The Popularity of Single Embryo Transfers
While we saw that the mean number of embryos transferred dropped in the past decade, let’s have a look at exactly what caused this drop in average embryos transferred.
Over 10 years there was no real difference in the percentage of two embryo transfers. It’s actually gaining a little bit of popularity (8% over 10 years)! But, three and four embryos per transfer saw a huge drop, and the percentage of single embryo transfers saw a meteoric rise from 10.7% to about 33.5 percent.
The Final Blow
On top of all that, I can think of at least one other reason for the “lower” success rates in recent years. This may be speculative, but what seems to be happening is that in recent years doctors are more often choosing to transfer embryos as blastocysts (day 5). In the past (some clinics still do this), embryos were transferred at 3 days old. The so-called cleavage stage.

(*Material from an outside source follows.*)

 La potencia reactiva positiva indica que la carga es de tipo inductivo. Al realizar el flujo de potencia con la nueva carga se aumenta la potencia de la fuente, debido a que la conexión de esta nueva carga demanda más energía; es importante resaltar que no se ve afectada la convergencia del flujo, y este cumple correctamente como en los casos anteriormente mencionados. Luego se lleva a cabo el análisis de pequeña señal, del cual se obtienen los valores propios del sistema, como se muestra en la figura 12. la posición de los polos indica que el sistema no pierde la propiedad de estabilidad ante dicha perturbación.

While scientific studies have shown that the pregnancy and live birth rates are higher with day 5 transfers, there is an increased chance of there not being an embryo left to transfer when waiting the full 5 days. This, in turn, increases the number of cycles where there is no embryo to transfer (so an automatic failure)! On the plus side, if your embryo(s) do make it to day 5, they sure are strong little survivors! It’s the best natural selection method currently available.

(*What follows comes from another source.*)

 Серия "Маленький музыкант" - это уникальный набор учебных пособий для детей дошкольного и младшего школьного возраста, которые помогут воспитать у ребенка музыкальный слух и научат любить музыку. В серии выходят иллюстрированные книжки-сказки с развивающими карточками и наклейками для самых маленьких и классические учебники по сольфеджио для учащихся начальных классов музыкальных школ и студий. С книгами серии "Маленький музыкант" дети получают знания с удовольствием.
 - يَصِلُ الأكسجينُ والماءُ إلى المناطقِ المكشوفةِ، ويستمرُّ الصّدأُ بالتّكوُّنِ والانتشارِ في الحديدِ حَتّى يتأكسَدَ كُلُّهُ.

So is IVF Getting Better or Not?
Yes and no!
Let’s try to sum it all up:
- Pregnancy rates have been fairly stable in the past decade.

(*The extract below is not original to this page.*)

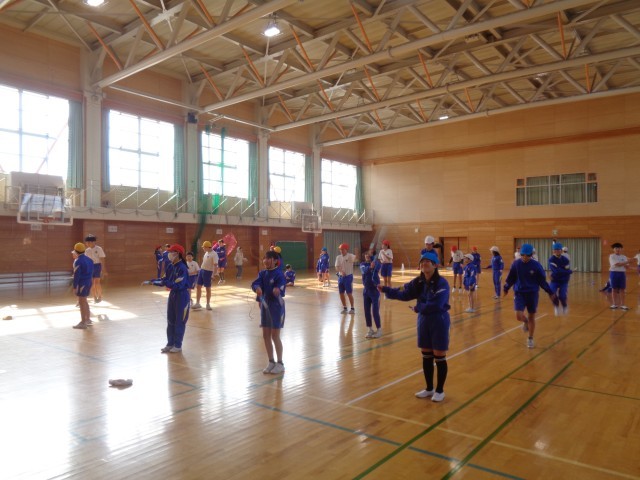 今学期最初の体育は、短縄跳びを行いました。より多くの技が習得できるように頑張っています。

- Live birth rates have been fairly stable in the past decade.
- Day 5 transfers are becoming more common than 3-day transfers, potentially increasing the number of “failed cycles”, but also leading to an increased chance of implantation when a transfer does occur.
- More and more people choose to transfer a single embryo.
- When transferring more than 1 embryo the birth of multiples is common.
- There are risks associated with multiples, so if it can be avoided, it should.
- Single embryo transfers reduce the pregnancy rates slightly, but;
- Additional transfers of previously frozen embryos collected from the same stimulation cycle result in similar pregnancy rates.
Are IVF doctors getting better? Probably. The fact that the rate of >2 embryos transferred per cycle are decreasing (leading to fewer infants that are born prematurely or underweight) tells us that we’re heading in the right direction. Doctors no longer need to increase their success rates by transferring as many embryos as possible. They have better alternatives. That, to me, tells me that IVF is indeed getting better.
Edit by Mrs. Frugalcrib: So our Instagram followers posted a lot of interesting theories on why we see that slight dip in success rates over the years. Most said they expected an increase in age to contribute to what we’re seeing. I decided to check it out.
While the CDC doesn’t give us exact age details, they do mention the mean age of all women who underwent IVF. Since 2005, the mean age has been 36 every single year. Those younger than 35 still make up the largest proportion of women undergoing treatment, that hasn’t changed either.
So while it’s certainly an interesting idea, I don’t think age can fully explain the (slight) decline in success rates per initiated cycle. Just like with many things in life (and science!) there’s rarely a single reason for any occurrences.